Records provided
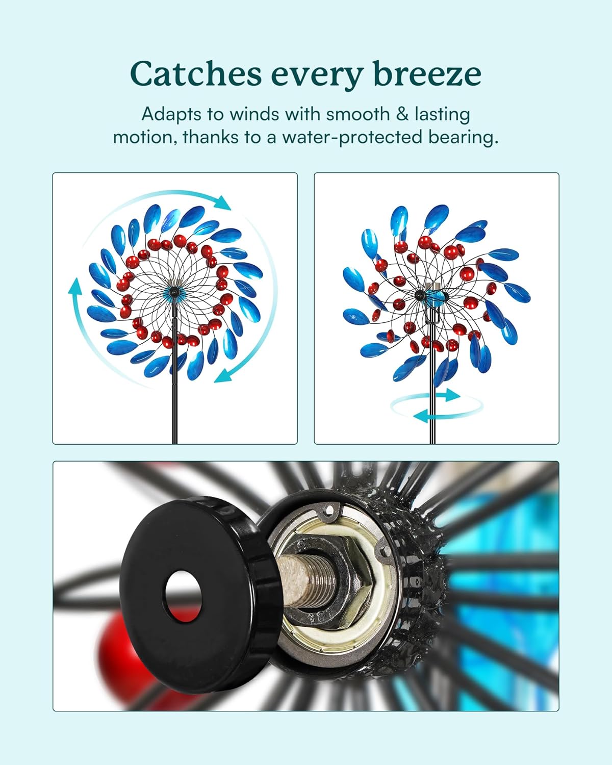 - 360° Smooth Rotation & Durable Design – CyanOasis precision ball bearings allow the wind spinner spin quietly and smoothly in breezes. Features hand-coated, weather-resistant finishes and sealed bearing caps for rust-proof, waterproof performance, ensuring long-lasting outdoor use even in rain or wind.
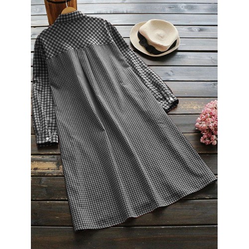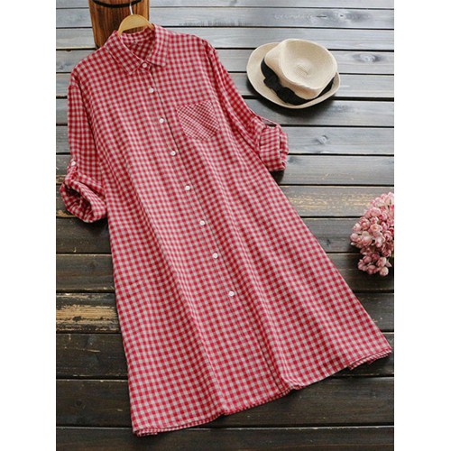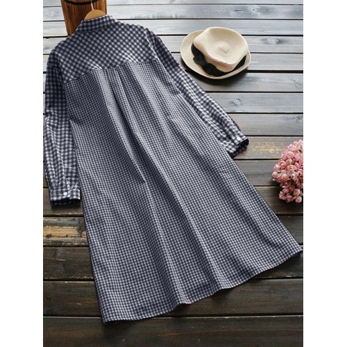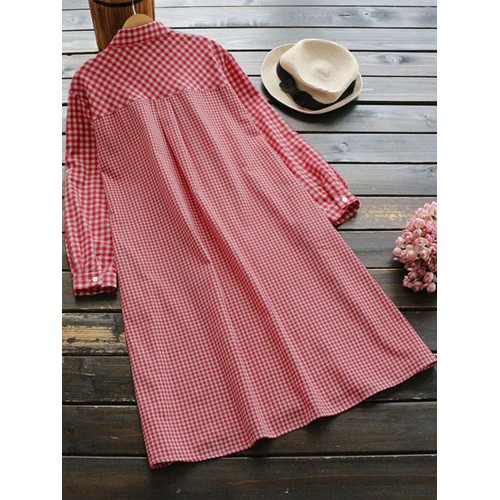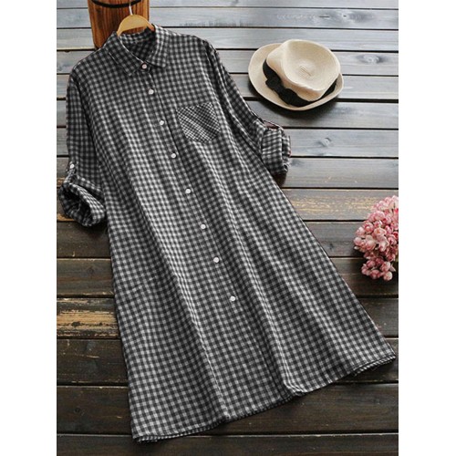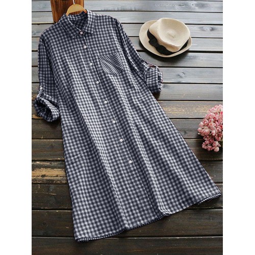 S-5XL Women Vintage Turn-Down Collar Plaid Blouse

==

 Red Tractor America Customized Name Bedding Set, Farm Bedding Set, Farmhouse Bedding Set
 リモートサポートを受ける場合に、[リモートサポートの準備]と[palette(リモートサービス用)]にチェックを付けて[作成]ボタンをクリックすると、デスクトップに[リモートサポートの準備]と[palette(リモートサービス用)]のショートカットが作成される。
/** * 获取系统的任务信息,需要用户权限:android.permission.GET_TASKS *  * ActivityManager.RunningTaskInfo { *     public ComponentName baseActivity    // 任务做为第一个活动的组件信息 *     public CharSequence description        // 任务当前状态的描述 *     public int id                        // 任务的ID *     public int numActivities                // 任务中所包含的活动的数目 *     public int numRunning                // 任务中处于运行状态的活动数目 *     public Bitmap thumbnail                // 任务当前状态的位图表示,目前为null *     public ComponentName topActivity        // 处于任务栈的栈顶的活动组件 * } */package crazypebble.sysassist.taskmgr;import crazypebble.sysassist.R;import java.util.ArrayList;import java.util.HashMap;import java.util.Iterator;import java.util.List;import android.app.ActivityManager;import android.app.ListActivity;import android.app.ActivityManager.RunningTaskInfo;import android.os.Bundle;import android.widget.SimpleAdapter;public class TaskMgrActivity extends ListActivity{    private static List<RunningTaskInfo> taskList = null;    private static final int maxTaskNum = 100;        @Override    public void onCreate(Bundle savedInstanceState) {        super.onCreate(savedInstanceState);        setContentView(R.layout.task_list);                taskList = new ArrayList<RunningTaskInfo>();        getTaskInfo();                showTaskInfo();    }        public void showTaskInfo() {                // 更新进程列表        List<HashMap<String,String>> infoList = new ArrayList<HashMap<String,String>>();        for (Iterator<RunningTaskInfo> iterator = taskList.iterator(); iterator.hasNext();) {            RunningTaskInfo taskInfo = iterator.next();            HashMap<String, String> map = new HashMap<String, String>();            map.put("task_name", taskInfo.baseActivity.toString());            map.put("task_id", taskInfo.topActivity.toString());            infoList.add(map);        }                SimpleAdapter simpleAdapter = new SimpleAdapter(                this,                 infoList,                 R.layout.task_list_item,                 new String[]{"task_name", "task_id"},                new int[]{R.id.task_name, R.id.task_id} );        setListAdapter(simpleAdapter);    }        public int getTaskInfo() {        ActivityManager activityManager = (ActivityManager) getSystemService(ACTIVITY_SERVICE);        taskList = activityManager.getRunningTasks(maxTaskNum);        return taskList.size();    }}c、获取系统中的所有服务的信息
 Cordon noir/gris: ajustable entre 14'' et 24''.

What is being asked
Copy the records above exactly, beginning at the line that contains "Red Tractor America" and stopping after the line that contains "リモートサポートを受ける場合".

Answer to this problem
 Red Tractor America Customized Name Bedding Set, Farm Bedding Set, Farmhouse Bedding Set
 リモートサポートを受ける場合に、[リモートサポートの準備]と[palette(リモートサービス用)]にチェックを付けて[作成]ボタンをクリックすると、デスクトップに[リモートサポートの準備]と[palette(リモートサービス用)]のショートカットが作成される。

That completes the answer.